Goal of the exercise:
The whole listing that follows is to be restated word for word, images excluded.

Supplied material:
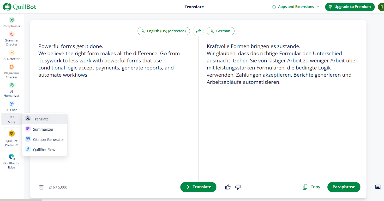 Nachdem ich die KI-Grammatikprüfungsfunktion für einen früheren Artikel getestet hatte, war ich bereits mit der benutzerfreundlichen Oberfläche und dem nahtlosen Arbeitsablauf von QuillBot vertraut. Das Tool ist mehr als nur ein Übersetzer, es enthält auch KI-gestützte Bearbeitungstools wie die bereits erwähnte Grammatikprüfung und Umschreibungsfunktionen.
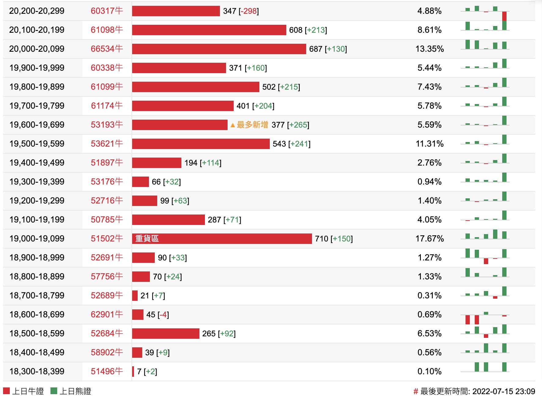 牛证街货重货区在19000-19099区间,该区间最新牛证数量为710张,较上一交易日增加150张;最多新增在19600-19699区间,该区间最新牛证数量为377张,较上一交易日增加265张。
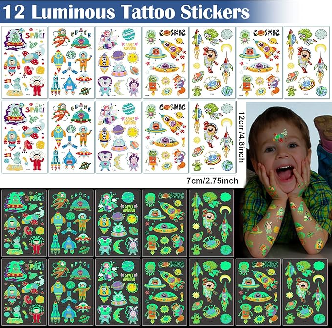 - FUN LUMINOUS TOYS:The luminous tattoo stickers will continue to glow in dark, the space-themed Rockets, sun, moon, galaxy, outer space, astronauts, aliens; rockets, UFOs, and more patterns are very attractive. There are many different patterns on each sheet tattoos. Children will love it. Rocket flashlight decoration can be hung on kids school bags or anywhere. Let's go explore outer space
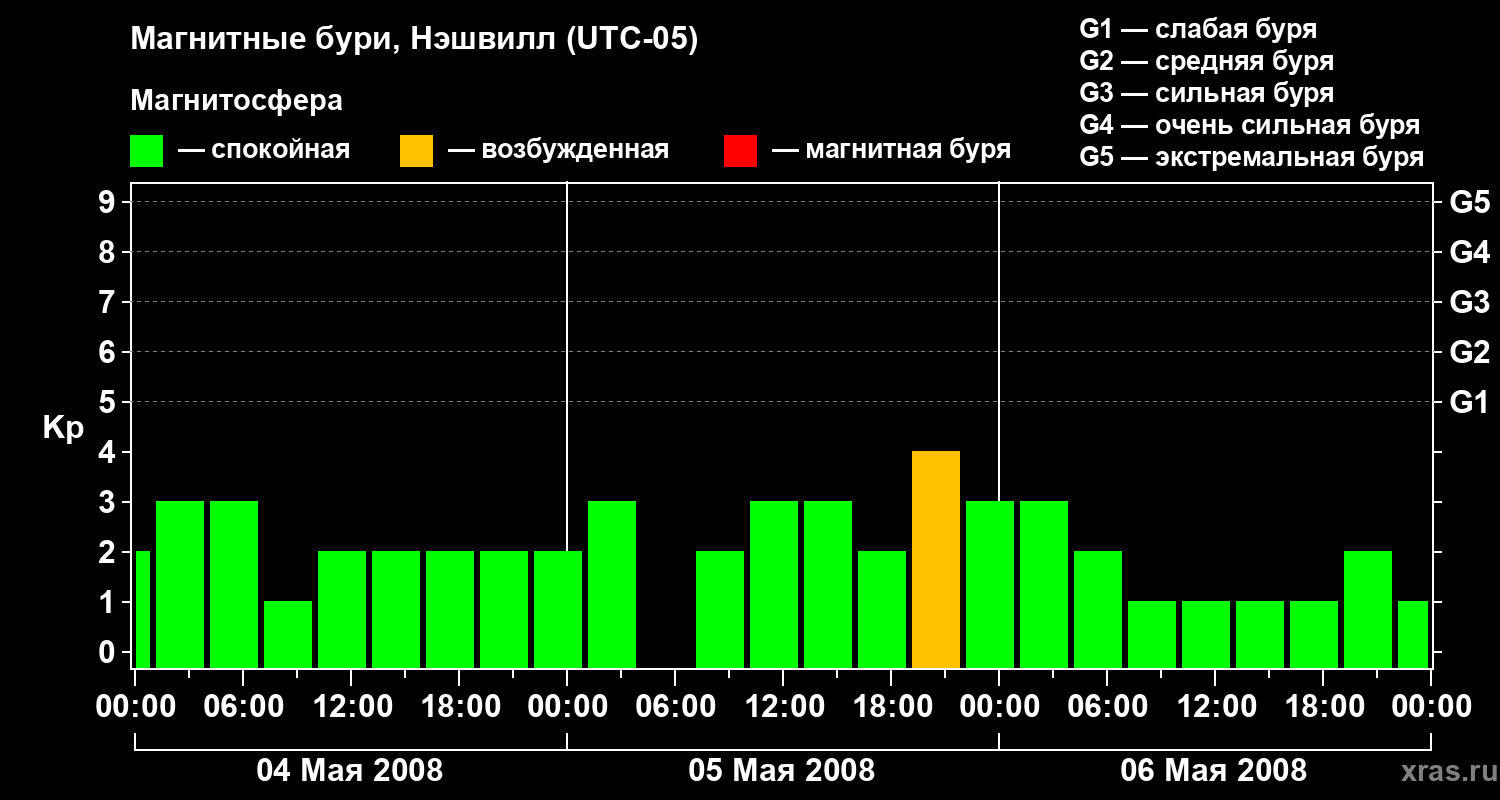 Изменения геомагнитного индекса Kp с 4 по 6 мая 2008 года для средних широт

Task solution:
 Nachdem ich die KI-Grammatikprüfungsfunktion für einen früheren Artikel getestet hatte, war ich bereits mit der benutzerfreundlichen Oberfläche und dem nahtlosen Arbeitsablauf von QuillBot vertraut. Das Tool ist mehr als nur ein Übersetzer, es enthält auch KI-gestützte Bearbeitungstools wie die bereits erwähnte Grammatikprüfung und Umschreibungsfunktionen.
 牛证街货重货区在19000-19099区间,该区间最新牛证数量为710张,较上一交易日增加150张;最多新增在19600-19699区间,该区间最新牛证数量为377张,较上一交易日增加265张。
 - FUN LUMINOUS TOYS:The luminous tattoo stickers will continue to glow in dark, the space-themed Rockets, sun, moon, galaxy, outer space, astronauts, aliens; rockets, UFOs, and more patterns are very attractive. There are many different patterns on each sheet tattoos. Children will love it. Rocket flashlight decoration can be hung on kids school bags or anywhere. Let's go explore outer space
 Изменения геомагнитного индекса Kp с 4 по 6 мая 2008 года для средних широт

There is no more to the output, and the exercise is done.